EXERCISE BRIEF: Every line from the first one in the listing down to the line with "First we made" should be restated word for word.

[STUDY MATERIAL — start]

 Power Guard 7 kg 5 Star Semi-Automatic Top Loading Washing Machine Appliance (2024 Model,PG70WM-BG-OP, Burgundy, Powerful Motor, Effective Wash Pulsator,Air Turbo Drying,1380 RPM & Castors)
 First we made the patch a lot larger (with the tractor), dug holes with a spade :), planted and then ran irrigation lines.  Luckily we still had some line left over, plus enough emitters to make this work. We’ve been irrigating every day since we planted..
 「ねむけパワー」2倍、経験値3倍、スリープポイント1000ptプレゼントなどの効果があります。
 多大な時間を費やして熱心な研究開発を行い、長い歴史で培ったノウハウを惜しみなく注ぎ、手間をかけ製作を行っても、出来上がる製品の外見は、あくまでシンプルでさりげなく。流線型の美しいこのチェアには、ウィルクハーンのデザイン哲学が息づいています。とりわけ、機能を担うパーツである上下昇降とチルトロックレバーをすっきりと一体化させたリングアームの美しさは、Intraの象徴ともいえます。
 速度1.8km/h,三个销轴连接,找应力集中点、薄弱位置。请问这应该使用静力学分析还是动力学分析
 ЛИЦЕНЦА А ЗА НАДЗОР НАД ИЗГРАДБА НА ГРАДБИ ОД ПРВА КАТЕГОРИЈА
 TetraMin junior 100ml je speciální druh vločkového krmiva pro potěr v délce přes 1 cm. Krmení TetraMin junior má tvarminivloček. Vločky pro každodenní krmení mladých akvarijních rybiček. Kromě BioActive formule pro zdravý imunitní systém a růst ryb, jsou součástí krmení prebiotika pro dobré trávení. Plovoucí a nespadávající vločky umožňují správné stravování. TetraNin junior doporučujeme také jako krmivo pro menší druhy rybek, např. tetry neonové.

[STUDY MATERIAL — finish]

EXERCISE ANSWER:
 Power Guard 7 kg 5 Star Semi-Automatic Top Loading Washing Machine Appliance (2024 Model,PG70WM-BG-OP, Burgundy, Powerful Motor, Effective Wash Pulsator,Air Turbo Drying,1380 RPM & Castors)
 First we made the patch a lot larger (with the tractor), dug holes with a spade :), planted and then ran irrigation lines.  Luckily we still had some line left over, plus enough emitters to make this work. We’ve been irrigating every day since we planted..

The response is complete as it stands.